В который раз пересматриваешь любимый фильм, но всё ли замечаешь? И разве можно увидеть что-то новое в старой картине, знакомой с детства? Оказывается, можно. Классика на то и классика, чтобы меняться с возрастом – возрастом зрителей. Что-то уходит на второй план, а что-то, наоборот, становится заметнее и ярче. Когда-то герои казались очень взрослыми - а теперь они изрядно помолодели. Когда-то на кадрах Москвы отвлекались от экрана, а сейчас они самые интересные. И как хорошо, что известен сюжет, что реплики знаешь наизусть – значит, больше внимания можно уделить штрихам, нюансам, подтексту. Это кино большого стиля – здесь нет случайных деталей.
Начало фильма «Служебный роман». Герои заходят в здание на Кузнецком мосту – там по сюжету находится их статистическое учреждение. Пока они входят, ты вспоминаешь, что если повернуться от их дверей и пойти по Петровке до пересечения со Столешниковым переулком, то справа будет знаменитый в те времена магазин «Русские узоры», а рядом – не менее знаменитый Художественный салон. В «Русских узорах», в том отсеке, что был слева, был отдел, в котором продавались украшения из самоцветов: витрины с низками бус, перстнями, серьгами – как будто оказываешься внутри малахитовой шкатулки из сказок Бажова. А в художественном салоне, кроме картин, было много авторских украшений. В том числе и из янтаря. В детстве часто туда заглядывали, только не покупать, а помечтать. О красивой жизни, которая так и не наступила. Эти воспоминания возникают, когда начинается фильм: память сопоставляет кадры с картинками из детства. Вот Людмила Прокофьевна Калугина идет на работу, а за спиной у неё магазин «Товары для женщин», что был на углу Петровки и Кузнецкого, а вот сцена с утренним марафетом сотрудниц: камера останавливается на барышнях с большими янтарными перстнями. Вот так по воле памяти во время просмотра начинаешь фокусироваться на украшениях героинь. Сколько же всего раньше не было замечено…

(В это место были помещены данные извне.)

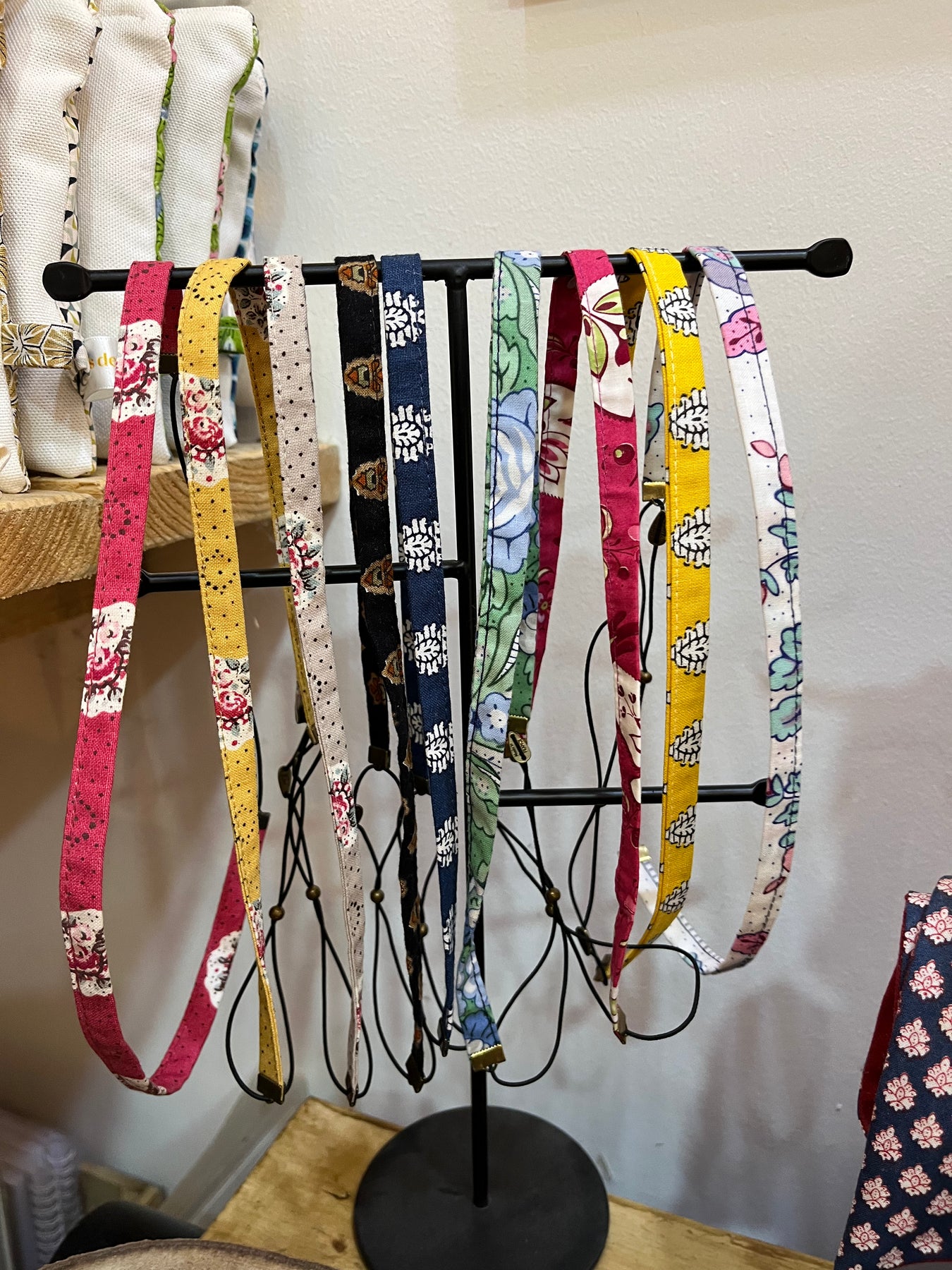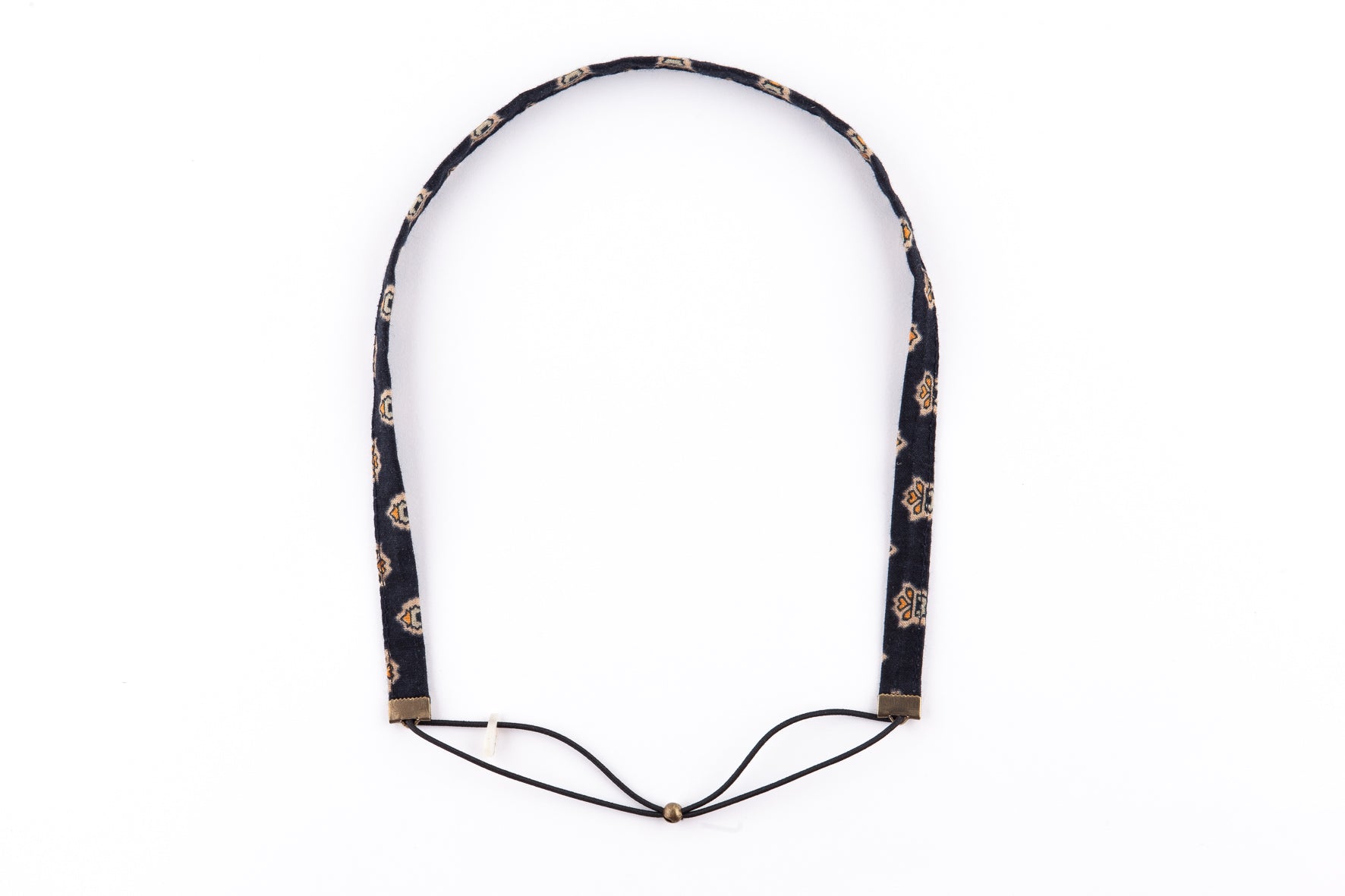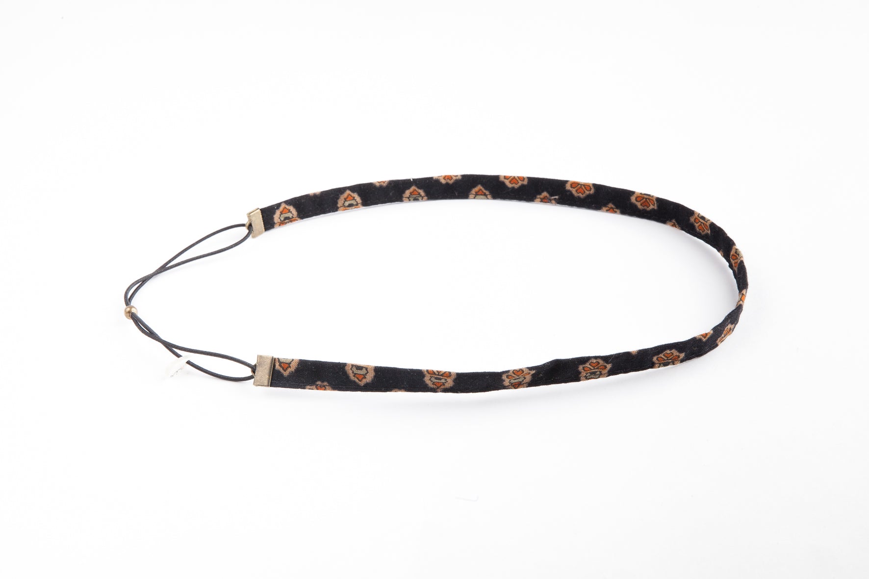 Bandeau cheveux tissu provençal noir marron fin élastiqué.

Если бы этот фильм был немой или он был бы снят на незнакомом языке, то про трех главных героинь всё равно всё было бы понятно – их украшения рассказали бы всю их историю лучше любых слов. Три героини – три большие мечтательницы, которые показаны в момент уязвимости, поэтому они нуждаются в украшениях, как в защите. Они надевают брошь как щит, бусы как кольчугу, клипсы как шлем: та же амуниция, только крохотного размера и со стразами. Что не отменяет её психологических защитных функций – уж очень виктимно порой ведут себя Вера, Оля и Людмила Прокофьевна.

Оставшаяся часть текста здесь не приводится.